• _Your instructions_: Please give the lines below again exactly as they stand, from the one that contains "cod. 788243TQVV11000 Stretch" up to and including the one that contains "후드 파카와 레귤러 칼라", leaving all pictures out.

• _Given data_:

BEGIN

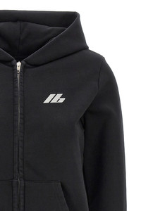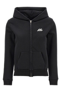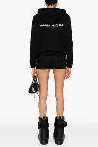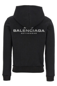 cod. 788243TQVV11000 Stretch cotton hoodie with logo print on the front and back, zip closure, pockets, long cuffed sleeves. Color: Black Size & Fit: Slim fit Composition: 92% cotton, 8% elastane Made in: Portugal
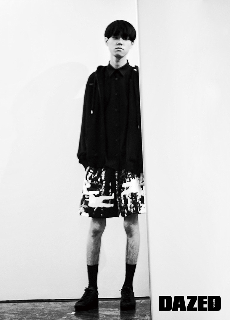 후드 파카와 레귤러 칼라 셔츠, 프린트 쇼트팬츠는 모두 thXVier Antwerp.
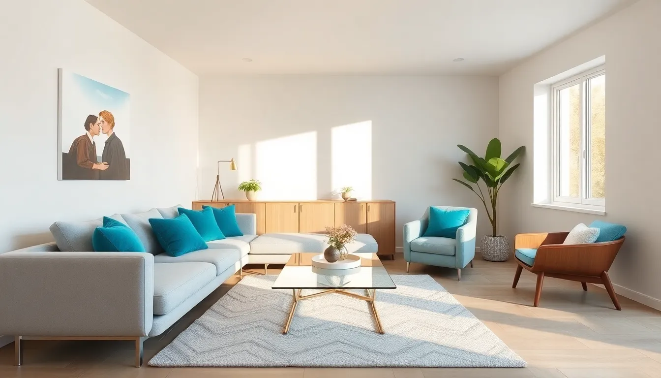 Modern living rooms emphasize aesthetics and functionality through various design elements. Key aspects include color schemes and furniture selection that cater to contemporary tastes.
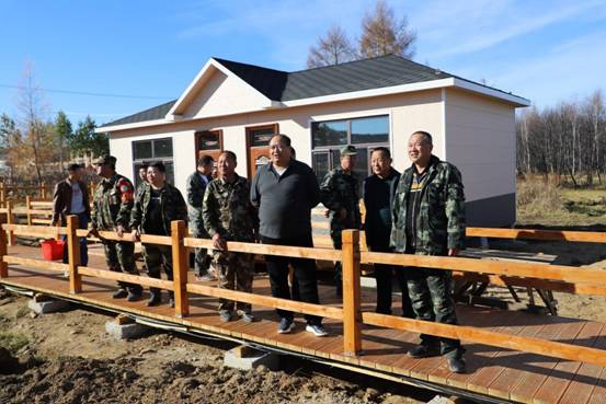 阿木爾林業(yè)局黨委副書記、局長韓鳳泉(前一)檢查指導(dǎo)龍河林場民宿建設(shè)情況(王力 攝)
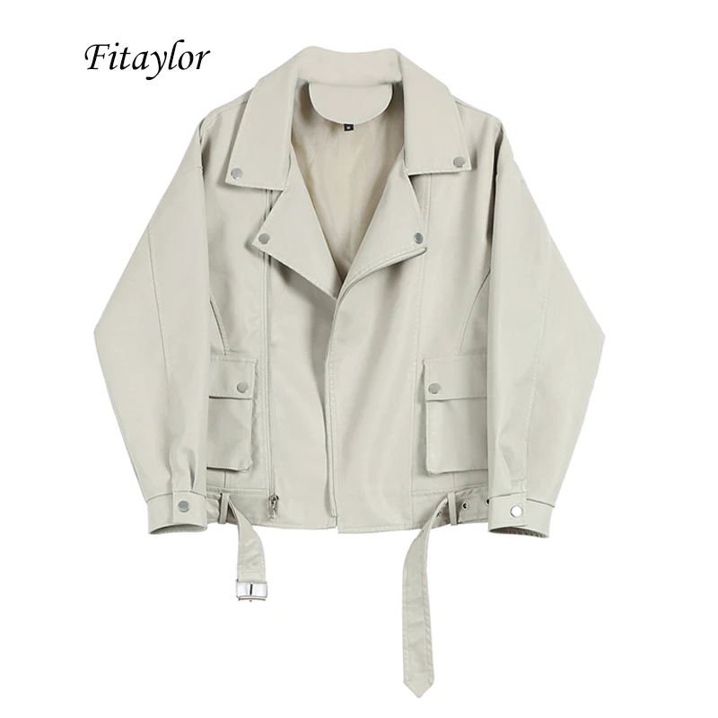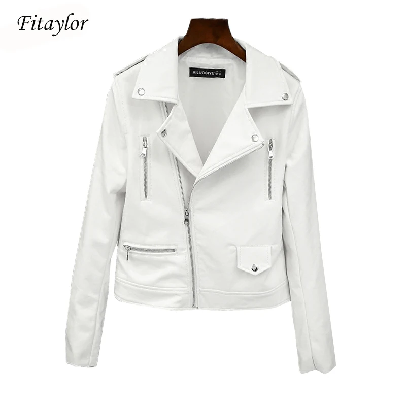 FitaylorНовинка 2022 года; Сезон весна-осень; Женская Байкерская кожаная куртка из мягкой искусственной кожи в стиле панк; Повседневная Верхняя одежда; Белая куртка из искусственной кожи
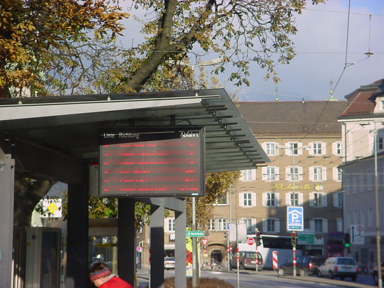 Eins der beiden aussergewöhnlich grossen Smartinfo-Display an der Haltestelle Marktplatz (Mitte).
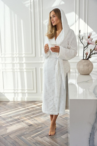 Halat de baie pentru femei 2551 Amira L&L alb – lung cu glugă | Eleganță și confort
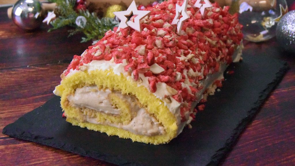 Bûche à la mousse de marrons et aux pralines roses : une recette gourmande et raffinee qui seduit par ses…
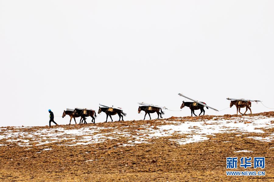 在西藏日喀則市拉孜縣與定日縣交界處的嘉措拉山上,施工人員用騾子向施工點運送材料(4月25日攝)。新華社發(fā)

END
BEGIN

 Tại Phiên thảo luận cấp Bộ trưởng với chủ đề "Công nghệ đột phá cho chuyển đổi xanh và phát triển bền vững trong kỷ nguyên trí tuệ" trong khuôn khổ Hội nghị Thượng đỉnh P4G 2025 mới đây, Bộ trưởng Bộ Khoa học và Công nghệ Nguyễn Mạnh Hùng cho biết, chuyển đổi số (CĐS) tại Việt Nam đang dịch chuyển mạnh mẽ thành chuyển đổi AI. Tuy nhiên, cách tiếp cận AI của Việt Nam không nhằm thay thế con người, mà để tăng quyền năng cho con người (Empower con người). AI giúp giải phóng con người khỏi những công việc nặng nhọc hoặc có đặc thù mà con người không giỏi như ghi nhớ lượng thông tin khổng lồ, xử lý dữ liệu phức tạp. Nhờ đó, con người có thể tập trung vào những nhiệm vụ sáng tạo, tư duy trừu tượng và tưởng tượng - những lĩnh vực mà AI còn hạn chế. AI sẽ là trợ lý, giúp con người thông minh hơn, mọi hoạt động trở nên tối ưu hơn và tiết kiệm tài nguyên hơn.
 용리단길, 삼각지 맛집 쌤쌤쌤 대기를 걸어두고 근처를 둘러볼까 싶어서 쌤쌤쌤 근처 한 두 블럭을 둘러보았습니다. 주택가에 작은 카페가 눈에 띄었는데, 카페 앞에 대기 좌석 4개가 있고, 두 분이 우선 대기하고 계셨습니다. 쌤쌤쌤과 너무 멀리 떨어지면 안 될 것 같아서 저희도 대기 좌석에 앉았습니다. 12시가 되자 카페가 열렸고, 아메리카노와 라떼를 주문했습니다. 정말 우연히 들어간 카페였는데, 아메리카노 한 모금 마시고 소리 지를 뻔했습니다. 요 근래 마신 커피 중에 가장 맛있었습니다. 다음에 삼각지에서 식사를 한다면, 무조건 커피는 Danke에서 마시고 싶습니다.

END

• _Written reply_:
 cod. 788243TQVV11000 Stretch cotton hoodie with logo print on the front and back, zip closure, pockets, long cuffed sleeves. Color: Black Size & Fit: Slim fit Composition: 92% cotton, 8% elastane Made in: Portugal
 후드 파카와 레귤러 칼라 셔츠, 프린트 쇼트팬츠는 모두 thXVier Antwerp.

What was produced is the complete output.